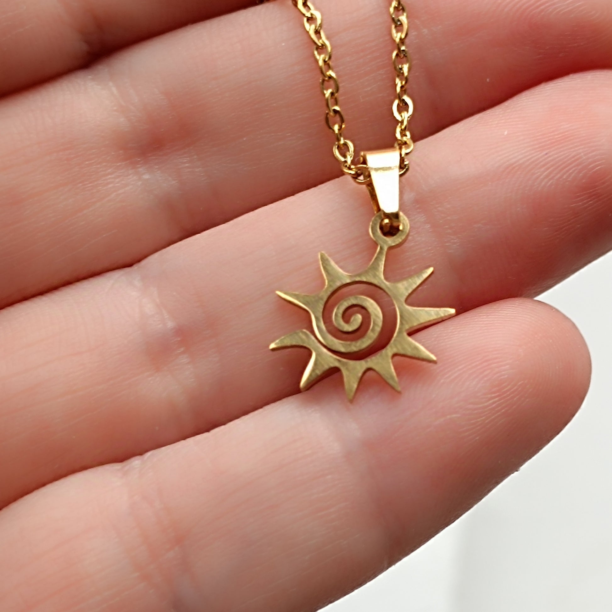 Feine Gliederkette aus Edelstahl mit Sonnenanhänger mit Spiralmuster.
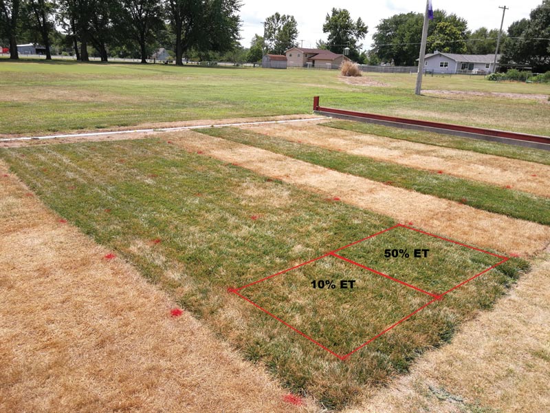 The authors want to acknowledge research advice from Steve Keeley, Ph.D., and the provision of turfgrass sod by The Sod Shop (Lawrence, Kan.), Helt’s Turf Farms (Pleasant Hill, Mo.) and Sod Topeka (Topeka, Kan.). The full manuscripts on the experiment are available in Crop Science for tall fescue and Kentucky bluegrass: “Minimum water requirements of cool-season turfgrasses for survival and recovery after prolonged drought” (https://doi.org/10.1002/csc2.20393); and for zoysiagrass: “Minimum water requirements of Japanese lawngrass for survival during prolonged drought” (https://doi.org/10.1002/csc2.20404).
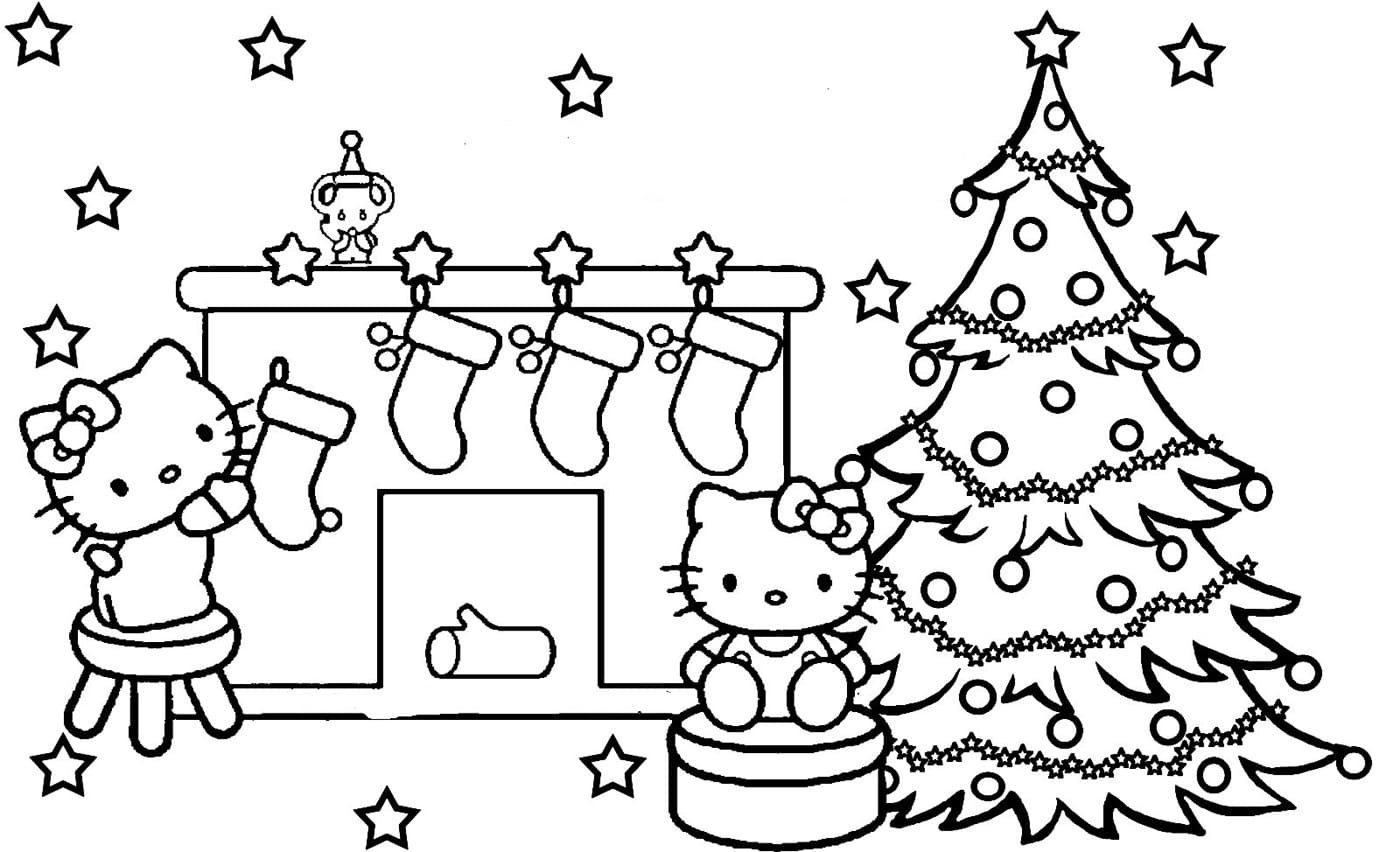 ![Раскраска Хелло Китти новый год]()
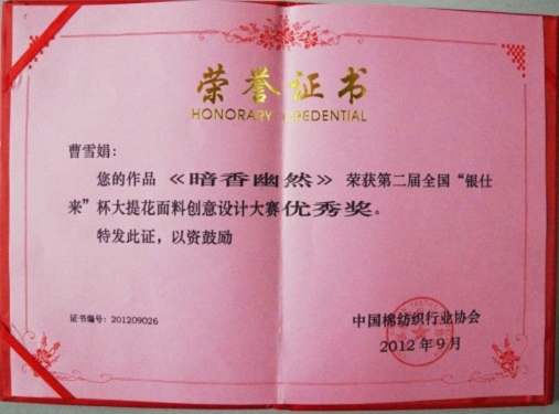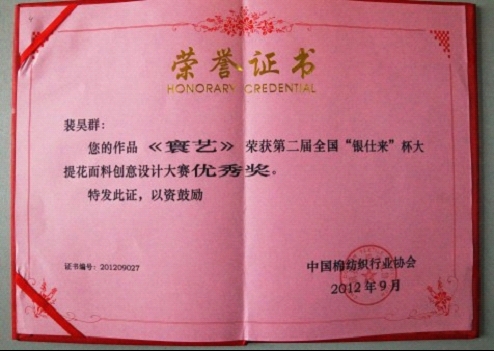 纺织工程系在第二届“银仕来”杯大提花面料设计大赛上获得佳绩
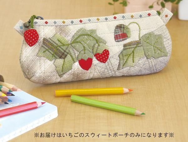| 真っ赤ないちごが可愛いポーチが作れるキットです。ファスナーには、リアルないちごの飾り付き。ペンケースやメガネケースとしても使えます。やわらかな陽射しの中にいるような優しい色合いは自然と心がなごみます。 |
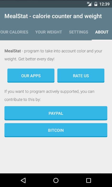 MealStat - счетчик калорий - Большое количество населения страдает избыточным весом. Ещё одна часть людей просто боятся поправится и стараются следить за своей фигурой и поменьше есть. Третья группа людей это спортивные энергичные люди стремящиеся совершенству и строго следуют указаниям своих спортивных тренеров. Всем трём группам, необходимо непременно знать точное количество потребляемых калорий, а это обычно сводилось к долгим поискам в книгах и других источниках. Теперь всё можно сделать гораздо проще. Выбираем нужный нам продукт из огромной базы, и вы сразу-же увидите его калорийность. Ведите дневник и смотрите на динамику изменения вашего веса.
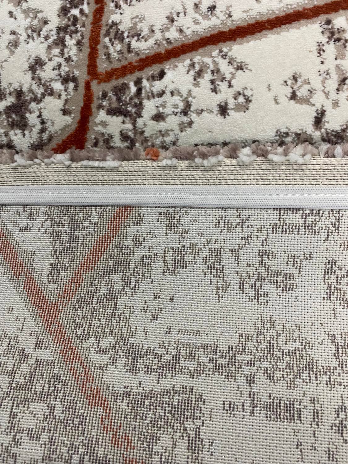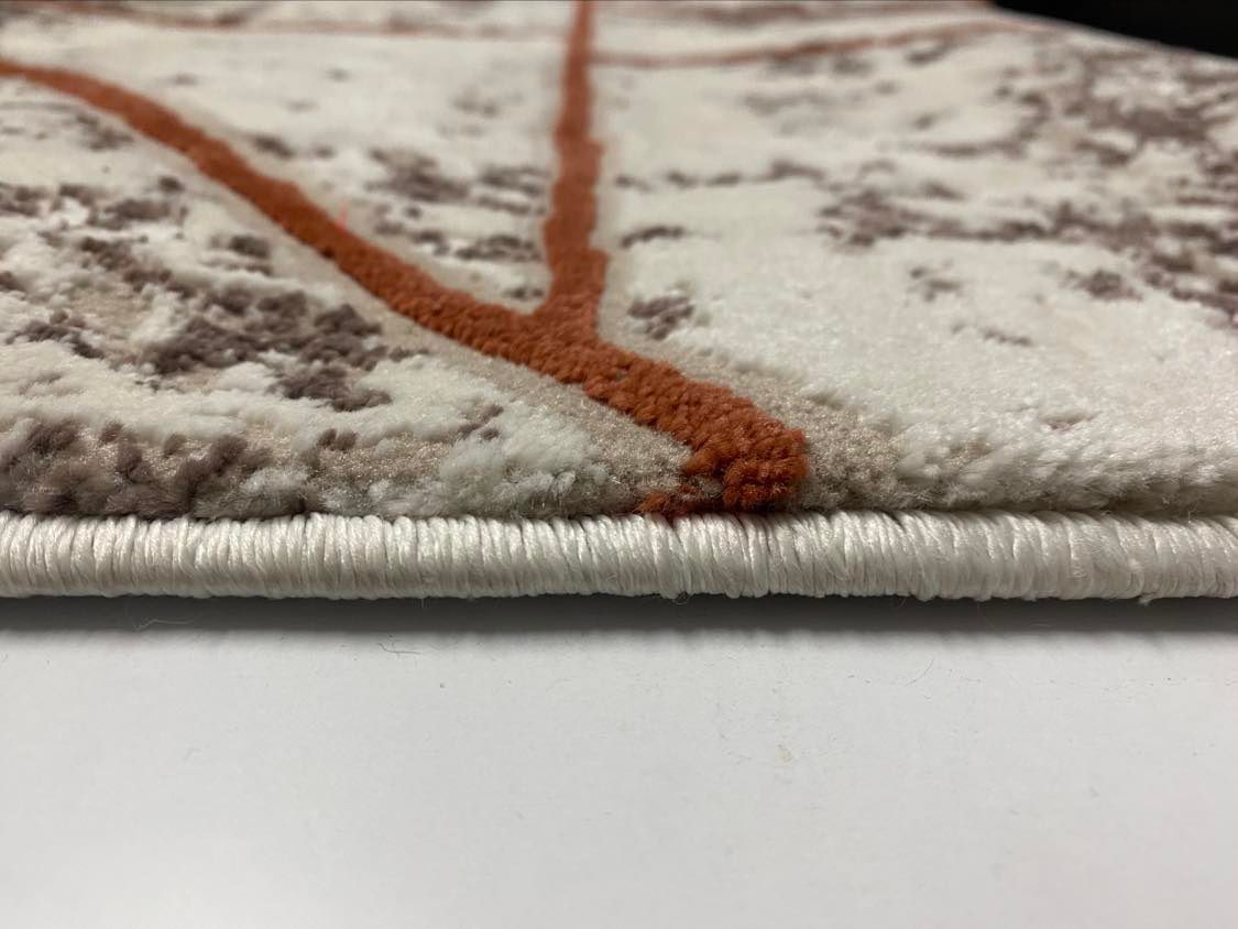 Covor Modern cu Insertii Geometrice de tip Triunghiuri,Portocaliu/Gri/Crem

### WHAT YOU SHOULD DO
When copying the records, reproduce every entry exactly and omit all pictures.

### SOLUTION BELOW
 Feine Gliederkette aus Edelstahl mit Sonnenanhänger mit Spiralmuster.
 The authors want to acknowledge research advice from Steve Keeley, Ph.D., and the provision of turfgrass sod by The Sod Shop (Lawrence, Kan.), Helt’s Turf Farms (Pleasant Hill, Mo.) and Sod Topeka (Topeka, Kan.). The full manuscripts on the experiment are available in Crop Science for tall fescue and Kentucky bluegrass: “Minimum water requirements of cool-season turfgrasses for survival and recovery after prolonged drought” (https://doi.org/10.1002/csc2.20393); and for zoysiagrass: “Minimum water requirements of Japanese lawngrass for survival during prolonged drought” (https://doi.org/10.1002/csc2.20404).
 ![Раскраска Хелло Китти новый год]()
 纺织工程系在第二届“银仕来”杯大提花面料设计大赛上获得佳绩
| 真っ赤ないちごが可愛いポーチが作れるキットです。ファスナーには、リアルないちごの飾り付き。ペンケースやメガネケースとしても使えます。やわらかな陽射しの中にいるような優しい色合いは自然と心がなごみます。 |
 MealStat - счетчик калорий - Большое количество населения страдает избыточным весом. Ещё одна часть людей просто боятся поправится и стараются следить за своей фигурой и поменьше есть. Третья группа людей это спортивные энергичные люди стремящиеся совершенству и строго следуют указаниям своих спортивных тренеров. Всем трём группам, необходимо непременно знать точное количество потребляемых калорий, а это обычно сводилось к долгим поискам в книгах и других источниках. Теперь всё можно сделать гораздо проще. Выбираем нужный нам продукт из огромной базы, и вы сразу-же увидите его калорийность. Ведите дневник и смотрите на динамику изменения вашего веса.
 Covor Modern cu Insertii Geometrice de tip Triunghiuri,Portocaliu/Gri/Crem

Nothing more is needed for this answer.